On Mon, Jun 20, 2022 at 10:04:06AM -0400, Robert Haas wrote:
> On Mon, Jun 20, 2022 at 9:52 AM Peter Eisentraut
> <peter.eisentraut@enterprisedb.com> wrote:
> > That means changing the system's ABI, so in the extreme case you then
> > need to compile everything else to match as well.
> 
> I think we wouldn't want to do that in a minor release, but doing it
> in a new major release seems fine -- especially if only AIX is
> affected.

"Everything" isn't limited to PostgreSQL.  The Perl ABI exposes large structs
to plperl; a field of type double could require the AIX user to rebuild Perl
with the same compiler option.

Overall, this could be a textbook example of choosing between:

- Mild harm (unaesthetic column order) to many people.
- Considerable harm (dump/reload instead of pg_upgrade) to a small, unknown,
  possibly-zero quantity of people.

Here's how I rank the options, from most-preferred to least-preferred:

1. Put new eight-byte fields at the front of each catalog, when in doubt.
2. On systems where double alignment differs from int64 alignment, require
   NAMEDATALEN%8==0.  Upgrading to v16 would require dump/reload for AIX users
   changing NAMEDATALEN to conform to the new restriction.
3. Introduce new typalign values.  Upgrading to v16 would require dump/reload
   for all AIX users.
4. De-support AIX.
5. From above, "Somehow forcing values that are sometimes 4-byte aligned and
   sometimes 8-byte aligned to be 8-byte alignment on all platforms".
   Upgrading to v16 would require dump/reload for all AIX users.
6. Require -qalign=natural on AIX.  Upgrading to v16 would require dump/reload
   and possible system library rebuilds for all AIX users.

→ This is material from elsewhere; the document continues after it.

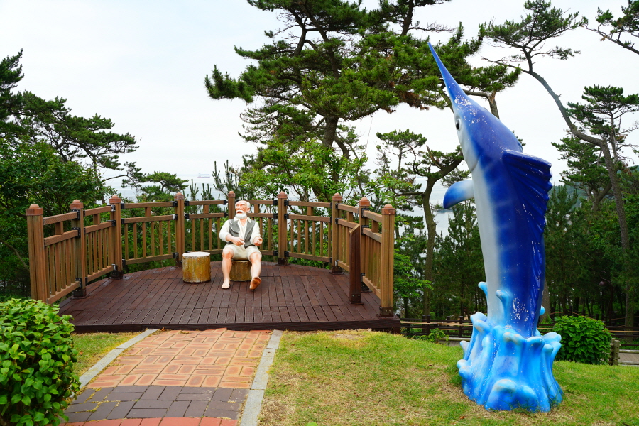 큰 물고기를 잡는 노인의 조형물이 있습니다.
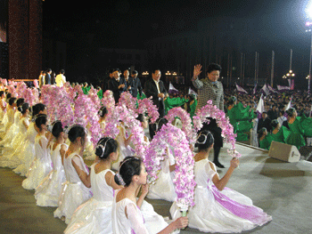 皇冠体育官网学生演出舞蹈《绽放》 国务委员刘延东(前)等领导上台慰问演员

I gather (1) isn't at the top of your ranking, or you wouldn't have written
in.  What do you think of (2)?

Re: Skipping logical replication transactions on subscriber side

От

Robert Haas

Дата:

22 июня 2022 г., 16:50:02

On Wed, Jun 22, 2022 at 12:28 AM Noah Misch <noah@leadboat.com> wrote:
> "Everything" isn't limited to PostgreSQL.  The Perl ABI exposes large structs
> to plperl; a field of type double could require the AIX user to rebuild Perl
> with the same compiler option.

Oh, that isn't so great, then.

> Here's how I rank the options, from most-preferred to least-preferred:
>
> 1. Put new eight-byte fields at the front of each catalog, when in doubt.
> 2. On systems where double alignment differs from int64 alignment, require
>    NAMEDATALEN%8==0.  Upgrading to v16 would require dump/reload for AIX users
>    changing NAMEDATALEN to conform to the new restriction.
> 3. Introduce new typalign values.  Upgrading to v16 would require dump/reload
>    for all AIX users.
> 4. De-support AIX.
> 5. From above, "Somehow forcing values that are sometimes 4-byte aligned and
>    sometimes 8-byte aligned to be 8-byte alignment on all platforms".
>    Upgrading to v16 would require dump/reload for all AIX users.
> 6. Require -qalign=natural on AIX.  Upgrading to v16 would require dump/reload
>    and possible system library rebuilds for all AIX users.
>
> I gather (1) isn't at the top of your ranking, or you wouldn't have written
> in.  What do you think of (2)?

(2) pleases me in the sense that it seems to inconvenience very few
people, perhaps no one, in order to avoid inconveniencing a larger
number of people. However, it doesn't seem sufficient. If I understand
correctly, even a catalog that includes no NameData column can have a
problem.

Regarding (1), it is my opinion that the only real value of typalign
is for system catalogs, and specifically that it lets you put the
fields in an order that is aesthetically pleasing rather than worrying
about alignment considerations. After all, if we just ordered the
fields by descending alignment requirement, we could get rid of
typalign altogether (at least, if we didn't care about backward
compatibility). User tables would get smaller because we'd get rid of
alignment padding, and I don't think we'd see much impact on
performance because, for user tables, we copy the values into a datum
array before doing anything interesting with them. So (1) seems to me
to be conceding that typalign is unfit for the only purpose it has.
Perhaps that's just how things are, but it doesn't seem like a good
way for things to be.

--
Robert Haas
EDB: http://www.enterprisedb.com

Re: Skipping logical replication transactions on subscriber side

От

Tom Lane

Дата:

22 июня 2022 г., 17:39:20

[ sorry for not having tracked this thread more closely ... ]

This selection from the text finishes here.